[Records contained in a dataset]
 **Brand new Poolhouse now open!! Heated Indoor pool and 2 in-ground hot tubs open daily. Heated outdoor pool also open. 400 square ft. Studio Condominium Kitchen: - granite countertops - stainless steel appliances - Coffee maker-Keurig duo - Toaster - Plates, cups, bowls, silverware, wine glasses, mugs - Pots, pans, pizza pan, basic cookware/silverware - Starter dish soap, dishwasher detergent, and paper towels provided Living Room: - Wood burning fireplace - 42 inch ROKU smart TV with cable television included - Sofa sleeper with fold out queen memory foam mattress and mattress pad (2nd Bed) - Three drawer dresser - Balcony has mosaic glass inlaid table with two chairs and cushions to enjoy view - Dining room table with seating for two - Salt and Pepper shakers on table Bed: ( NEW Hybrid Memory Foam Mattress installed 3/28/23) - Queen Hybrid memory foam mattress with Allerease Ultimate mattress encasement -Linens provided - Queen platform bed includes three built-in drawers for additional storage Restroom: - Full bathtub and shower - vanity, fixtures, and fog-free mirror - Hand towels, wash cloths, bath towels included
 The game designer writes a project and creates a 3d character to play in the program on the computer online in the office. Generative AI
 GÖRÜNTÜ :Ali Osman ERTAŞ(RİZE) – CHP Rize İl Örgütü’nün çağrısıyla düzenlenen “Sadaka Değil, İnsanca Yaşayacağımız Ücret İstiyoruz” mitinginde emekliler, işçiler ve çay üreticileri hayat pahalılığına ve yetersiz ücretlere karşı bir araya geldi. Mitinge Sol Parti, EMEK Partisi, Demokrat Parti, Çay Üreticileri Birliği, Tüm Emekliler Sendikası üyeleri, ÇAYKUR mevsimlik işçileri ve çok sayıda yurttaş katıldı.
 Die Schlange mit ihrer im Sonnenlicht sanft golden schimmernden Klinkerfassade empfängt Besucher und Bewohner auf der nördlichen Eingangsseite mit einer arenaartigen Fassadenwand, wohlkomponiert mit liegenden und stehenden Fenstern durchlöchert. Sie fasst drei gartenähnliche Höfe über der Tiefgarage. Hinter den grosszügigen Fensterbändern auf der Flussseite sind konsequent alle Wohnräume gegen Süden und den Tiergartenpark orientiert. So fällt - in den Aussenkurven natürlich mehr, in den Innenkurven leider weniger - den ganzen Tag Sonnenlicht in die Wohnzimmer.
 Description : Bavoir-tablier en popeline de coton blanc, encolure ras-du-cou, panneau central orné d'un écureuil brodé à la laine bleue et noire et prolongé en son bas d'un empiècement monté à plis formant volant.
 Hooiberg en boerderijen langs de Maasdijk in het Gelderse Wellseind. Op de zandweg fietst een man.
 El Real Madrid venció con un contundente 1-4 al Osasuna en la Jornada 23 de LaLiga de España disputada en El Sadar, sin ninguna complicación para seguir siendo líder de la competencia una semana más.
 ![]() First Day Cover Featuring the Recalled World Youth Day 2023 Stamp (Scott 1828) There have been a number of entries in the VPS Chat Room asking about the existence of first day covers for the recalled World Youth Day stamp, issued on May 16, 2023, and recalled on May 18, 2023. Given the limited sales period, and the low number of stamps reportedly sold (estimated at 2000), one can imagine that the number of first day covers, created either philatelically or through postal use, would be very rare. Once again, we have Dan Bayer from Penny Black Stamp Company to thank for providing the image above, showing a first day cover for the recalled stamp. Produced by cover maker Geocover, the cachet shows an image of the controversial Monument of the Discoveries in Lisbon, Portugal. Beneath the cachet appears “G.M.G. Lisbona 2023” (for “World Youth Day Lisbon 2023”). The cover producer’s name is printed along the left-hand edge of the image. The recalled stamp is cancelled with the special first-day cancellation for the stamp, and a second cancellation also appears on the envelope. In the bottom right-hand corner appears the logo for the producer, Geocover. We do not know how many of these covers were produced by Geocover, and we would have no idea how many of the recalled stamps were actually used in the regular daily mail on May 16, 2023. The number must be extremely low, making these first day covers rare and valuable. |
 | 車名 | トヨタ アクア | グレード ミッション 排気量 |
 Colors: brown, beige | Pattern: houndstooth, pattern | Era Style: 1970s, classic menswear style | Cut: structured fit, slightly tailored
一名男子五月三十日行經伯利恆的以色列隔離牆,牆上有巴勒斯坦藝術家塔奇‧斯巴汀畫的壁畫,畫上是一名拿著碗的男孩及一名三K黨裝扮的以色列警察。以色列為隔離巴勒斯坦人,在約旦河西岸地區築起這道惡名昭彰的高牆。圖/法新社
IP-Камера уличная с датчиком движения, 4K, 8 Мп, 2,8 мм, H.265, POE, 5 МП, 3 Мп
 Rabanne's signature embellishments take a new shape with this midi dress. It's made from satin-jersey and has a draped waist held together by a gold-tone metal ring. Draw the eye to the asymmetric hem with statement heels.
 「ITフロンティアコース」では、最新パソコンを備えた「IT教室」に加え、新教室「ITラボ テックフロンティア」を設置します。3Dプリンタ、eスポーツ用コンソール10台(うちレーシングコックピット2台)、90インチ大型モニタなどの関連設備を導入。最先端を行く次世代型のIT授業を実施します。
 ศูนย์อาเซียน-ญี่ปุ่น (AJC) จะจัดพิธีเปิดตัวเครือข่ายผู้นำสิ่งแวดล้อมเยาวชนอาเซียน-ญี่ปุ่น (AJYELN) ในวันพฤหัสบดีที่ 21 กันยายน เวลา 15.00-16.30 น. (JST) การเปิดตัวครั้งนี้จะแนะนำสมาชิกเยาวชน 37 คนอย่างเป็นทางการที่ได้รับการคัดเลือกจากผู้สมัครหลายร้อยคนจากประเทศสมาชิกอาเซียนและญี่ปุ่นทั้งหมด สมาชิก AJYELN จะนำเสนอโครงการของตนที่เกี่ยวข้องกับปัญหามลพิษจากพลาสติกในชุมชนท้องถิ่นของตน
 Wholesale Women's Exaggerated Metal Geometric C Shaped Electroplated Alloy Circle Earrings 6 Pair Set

» **Problem description**
Where the data above reaches the line holding "GÖRÜNTÜ :Ali Osman", begin printing, and stop after the line holding "Die Schlange mit". Each line must be reproduced exactly, with nothing else added.

» **Answer section**
 GÖRÜNTÜ :Ali Osman ERTAŞ(RİZE) – CHP Rize İl Örgütü’nün çağrısıyla düzenlenen “Sadaka Değil, İnsanca Yaşayacağımız Ücret İstiyoruz” mitinginde emekliler, işçiler ve çay üreticileri hayat pahalılığına ve yetersiz ücretlere karşı bir araya geldi. Mitinge Sol Parti, EMEK Partisi, Demokrat Parti, Çay Üreticileri Birliği, Tüm Emekliler Sendikası üyeleri, ÇAYKUR mevsimlik işçileri ve çok sayıda yurttaş katıldı.
 Die Schlange mit ihrer im Sonnenlicht sanft golden schimmernden Klinkerfassade empfängt Besucher und Bewohner auf der nördlichen Eingangsseite mit einer arenaartigen Fassadenwand, wohlkomponiert mit liegenden und stehenden Fenstern durchlöchert. Sie fasst drei gartenähnliche Höfe über der Tiefgarage. Hinter den grosszügigen Fensterbändern auf der Flussseite sind konsequent alle Wohnräume gegen Süden und den Tiergartenpark orientiert. So fällt - in den Aussenkurven natürlich mehr, in den Innenkurven leider weniger - den ganzen Tag Sonnenlicht in die Wohnzimmer.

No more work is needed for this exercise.